For the better part of four decades, Victory Wallace, 70, has made a monthly trip from New Orleans to the Louisiana State Penitentiary at Angola to visit her brother Herman, who just turned 68. The 140-mile journey has shades of Heart of Darkness, following the course of the Mississippi River to a remote prison colony from which most inmates never return. At the dark heart of this former slave plantation, Herman Wallace has lived most of the past 37 years in solitary confinement, imprisoned alone for 23 hours a day in a 6-by-9-foot cell.
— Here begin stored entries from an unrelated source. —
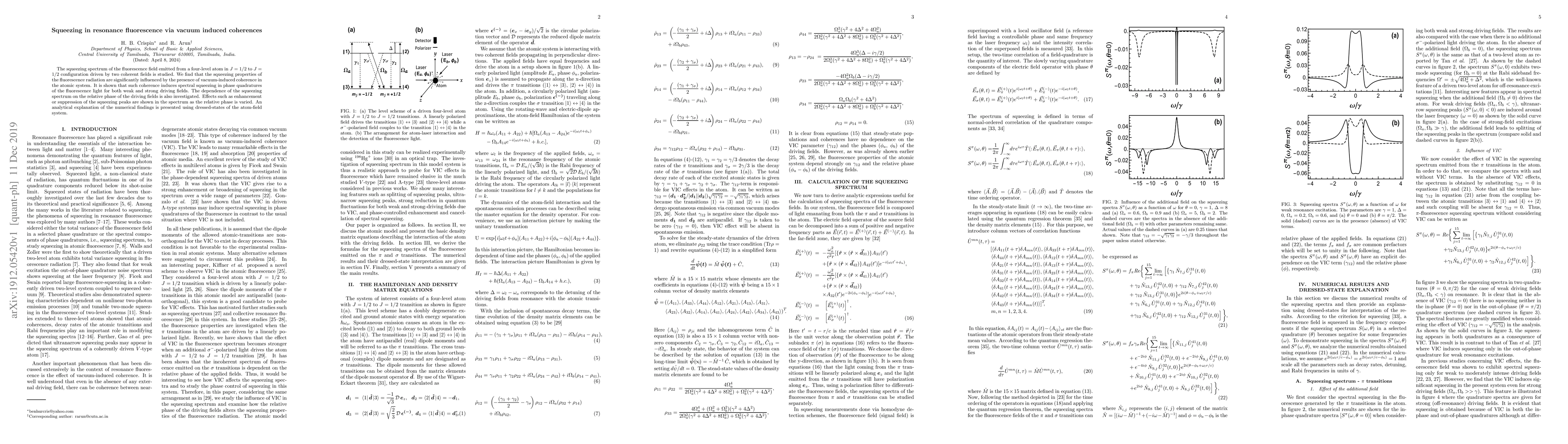 The paper presents a comprehensive theoretical analysis of squeezing in resonance fluorescence from a four-level atom, explaining spectral squeezing through vacuum-induced coherences and dressed-state formalism.
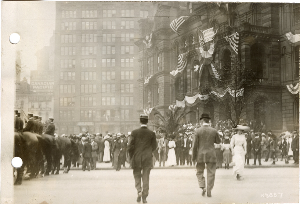 View of City Hall decorated with bunting and flags in honor of the delegation from the Upper Peninsula. They were hosted by the Detroit Board of Commerce for two days in Detroit. Sign on building reads: "Welcome, Upper Peninsula visitors." Crowd in foreground. Stamped on back: "Spooner & Wells, Inc., photographers, 1231 Woodward Ave., Detroit, Mich., telephone North 1745." Handwritten on back: "Northerners visit to Detroit, Sept. 7, 1911."
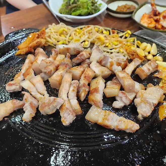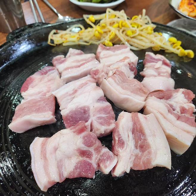 삼겹살 12,000원, 갈비수육(중) 36,000원, 김치찌개 10,000원

When Herman was moved in the spring of 2009 from Angola to Hunt Correctional Center near Baton Rouge, Vickie's trip got a bit shorter. But what she found when she arrived on her most recent visit was even worse than usual. Because of a disciplinary infraction, Herman had been placed in "extended administrative lock down." That meant Vickie was denied a contact visit, and was permitted to see her brother only through a glass partition as they spoke over a telephone. His hands were shackled to the table. (Other recent visitors reported that the shackles made it hard for him to hold the phone to his ear, while his hearing loss made communication over the telephone difficult.) Herman complained to Vickie that he was cold, and she thought that he had lost weight. His spirits, she said, were not the best.

For years, Herman Wallace's hopes have ridden on two cases that are inching their way through the courts--one challenging his conviction, the other challenging his long-term solitary confinement. Now, after a decade of starts and stops, obstacles and delays, both cases are advancing toward conclusions that will determine how he spends what's left of his life.

With the exception of a few brief intervals, Wallace has been living in lock down since 1972, when he was accused of murdering a young Angola prison guard. Along with another inmate named Albert Woodfox, he was tried, convicted, and sentenced to life without parole. Wallace, Woodfox, and a third longtime prisoner called Robert King--who are known as the Angola 3--are also plaintiffs in a federal lawsuit alleging that their unparalleled time in solitary violates the constitutional ban on cruel and unusual punishment. The case [1]--which could potentially affect the estimated 25,000 American prisoners living in long-term lockdown--is expected to come to trial in the US District Court in Baton Rouge in early 2010.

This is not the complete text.